Transcribed Image Text: Suppose a mass spring system with damping is modeled by the IVP y+8y’+by =0; ylos =2; y’CO) =-1 a) If you were to graph the equation of motion using a graphing that you will see on your screen. Calculator, which is the graph And why? ylt) (I) (1x) 21 2 (I1) (Iv) 2- t 2 2 b) which best deseribes this system? Explain why. mass spring (I) underdamped (II) overdanmped (m) critically damped (m) undam ped E) NONE
A mass-spring system with damping can be mathematically modeled by the following differential equation:
y” + 8y’ + λy = 0
Where y represents the displacement of the mass from its equilibrium position, y’ represents the velocity of the mass, y” represents the acceleration of the mass, and λ is a constant associated with the damping.
To solve this initial value problem, we need to find the solution to the differential equation, given the initial conditions y(0) = 2 (y-initial) and y'(0) = -1 (y-derivative initial).
a) To graph the equation of motion using a graphing calculator, we need to solve the differential equation. However, since the question does not provide a specific value for λ, we cannot determine the exact solution. Nevertheless, we can analyze the general behavior of the system based on the value of λ.
The roots of the characteristic equation associated with the differential equation are given by:
r^2 + 8r + λ = 0
To classify the behavior of the mass-spring system, we need to consider the discriminant D = 8^2 – 4λ.
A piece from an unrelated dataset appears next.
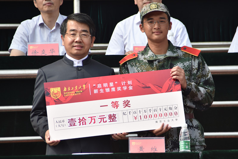 南京工业大学昨天举办了2015级本科生新生开学典礼暨军训汇报演出。在开学典礼的发言上,中国科学院院士、南工校长黄维和学生聊起了“颜值”与美,引来学生的“点赞”。更为励志的一幕是,一名来自海南的大一男生刘必进从校长手中接过了 “新生雏鹰奖学金”一等奖,获得10万元的奖学金。

If D < 0, the roots are complex, and the system is underdamped. If D = 0, the roots are real and identical, and the system is critically damped. If D > 0, the roots are real and different, and the system is either overdamped or undamped (if λ = 0).
Unfortunately, without the specific value of λ, we cannot determine the exact behavior of the system. However, we can still analyze the possible cases.
b) If we consider the three possible cases mentioned above, we can discuss the behavior of the system.
(i) Underdamped: In this case, the roots are complex and the system exhibits oscillatory behavior with a decreasing amplitude over time. The mass-spring system will go back and forth, gradually decreasing in magnitude until it reaches equilibrium.
(ii) Overdamped: In this case, the roots are real and different, and the system exhibits damped behavior without oscillation. The mass-spring system will return to equilibrium without any oscillatory motion.
(iii) Critically damped: In this case, the roots are real and identical, and the system exhibits the most rapid return to equilibrium without oscillation. The mass-spring system will reach equilibrium in the shortest amount of time.
(iv) Undamped: If λ = 0, the system becomes undamped. In this case, the roots are pure imaginary and the system exhibits periodic, undamped oscillation. The mass-spring system will oscillate indefinitely without returning to equilibrium.
Based on the information given, it is not possible to definitively determine the specific behavior of the system. However, we can make an educated guess based on the given initial conditions.
If the initial displacement (y-initial) is 2 and the initial velocity (y-derivative initial) is -1, it suggests that the system is likely underdamped. The negative velocity at t = 0 indicates that the mass is moving away from equilibrium, and the positive displacement suggests that the restoring force will pull the mass back towards equilibrium. Therefore, an underdamped system is the most reasonable assumption.
To summarize, based on the given information and assumptions, the graph of the equation of motion is most likely to represent an underdamped mass-spring system.